LONDON (Reuters) - BP has accepted a $4 billion payment from partner Anadarko Petroleum toward the Gulf of Mexico oil spill clean-up, far less than it might have won in court, but a deal that could reduce the overall cost of the disaster for the British group.
While BP has given up around $5 billion in potentially recoverable costs, the deal also removes a vocal and potentially damaging opponent from the field, thereby potentially reduced the final bill for the United States’ biggest every offshore oil spill by tens of billions of dollars.
The London-based oil company’s shares jumped on the news, to trade up 4.8 percent at 1110 GMT, outperforming a 1.2 percent rise in the STOXX Europe 600 Oil and Gas index.
“This is good progress,” said one dealer.
BP said on Monday that as part of the deal, Anadarko will no longer pursue its allegations of gross negligence against BP and that the deal excludes possible government fines the parties may have to pay.

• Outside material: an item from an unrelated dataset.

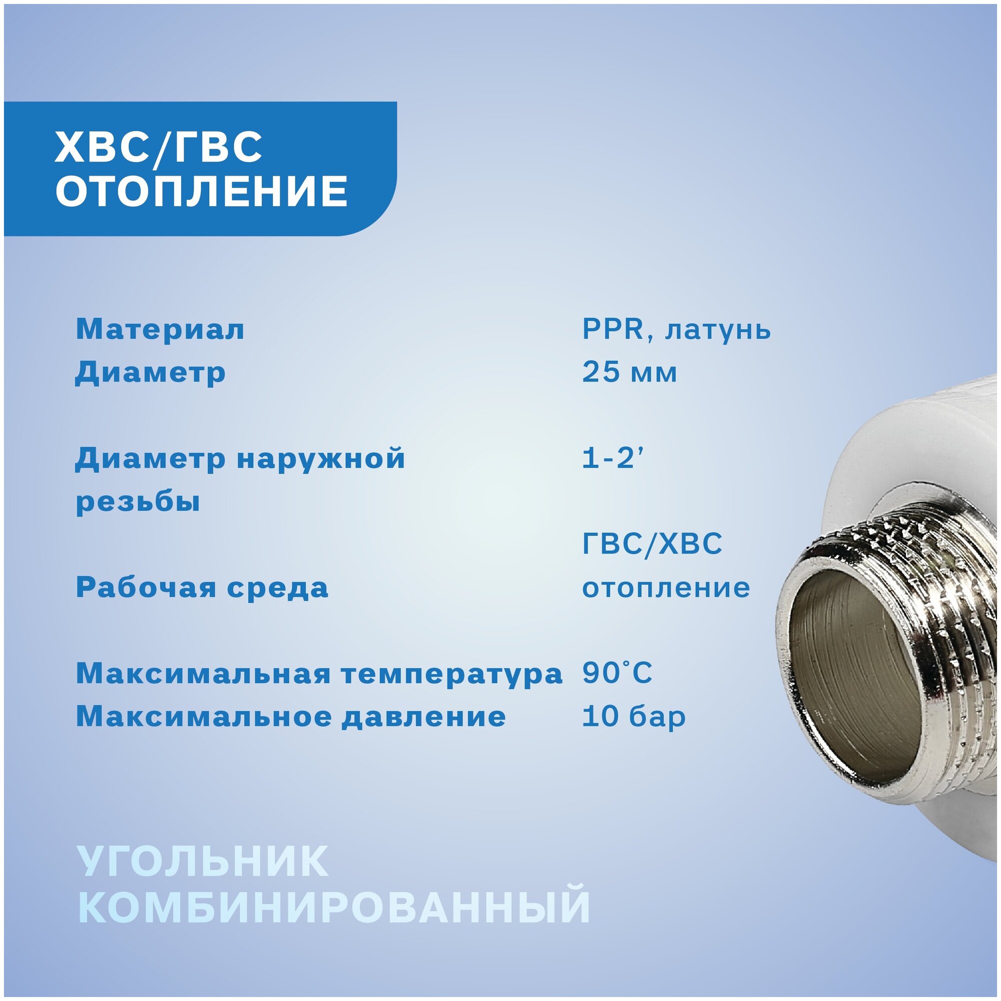 Type: angle, angle: 90 °, thread type: male, fitting type: combined, maximum working temperature: 90 °C, connection: welding - thread

As a 25 percent partner in the Macondo well, Anadarko is on the hook for 25 percent of the costs of cleaning up the spill, compensating those affected, and paying government fines.

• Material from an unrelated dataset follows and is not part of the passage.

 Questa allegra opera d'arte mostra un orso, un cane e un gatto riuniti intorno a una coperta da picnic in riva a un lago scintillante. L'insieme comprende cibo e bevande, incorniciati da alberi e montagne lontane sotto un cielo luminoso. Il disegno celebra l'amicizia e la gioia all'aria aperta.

It could only avoid this responsibility if it proved BP had been grossly negligent — something which could, potentially, have added around $18 billion to the total amount of fines BP faced.
Fines for leaking oil into U.S. waters are leveled at a level of $1,100 per barrel, or $4,300 if gross negligence is proven. The government has said the Macondo well leaked almost 5 million barrels into the sea.
BP has said the total bill for the oil spill, including government fines, for which it has taken charges of $3.5 billion and research grants of $500 million, will be $42 billion.
This suggests Anadarko could have faced a total bill of up to $9.5 billion.
Investors have priced in a final cost to the company from the spill that is far in excess of BP’s estimate. Analysts say deals such as the one announced Monday make the worst-case scenario — a final bill in excess of $70 billion — look less likely.
“We maintain our view that the ultimate cost to BP could fall ... substantially below the cost inferred by the share price fall since the accident,” Richard Griffith, oil analyst at Evolution Securities said.
In May, BP agreed to accept $1.1 billion from the third partner in Macondo, Mitsui & Co., to cover its 10 percent share of cleanup costs.
The company is still suing the companies it hired to help drill the well, Transocean and cement specialist Halliburton, to pay toward the cost of the spill.
Key to forcing Transocean to meet the cleanup bill — BP has sought the full amount from the drilling contractor — is convincing a court that Transocean was grossly negligent.
If BP does recoup cash from Transocean or Halliburton, it will pay a portion of this — up to $1 billion Anadarko under the terms of the deal.
Two lengthy government inquiries have laid the lion’s share of the blame for the blowout at BP’s door.
The rig blast killed 11 men and caused more than 4 million barrels of oil from the Macondo well to spill into the sea.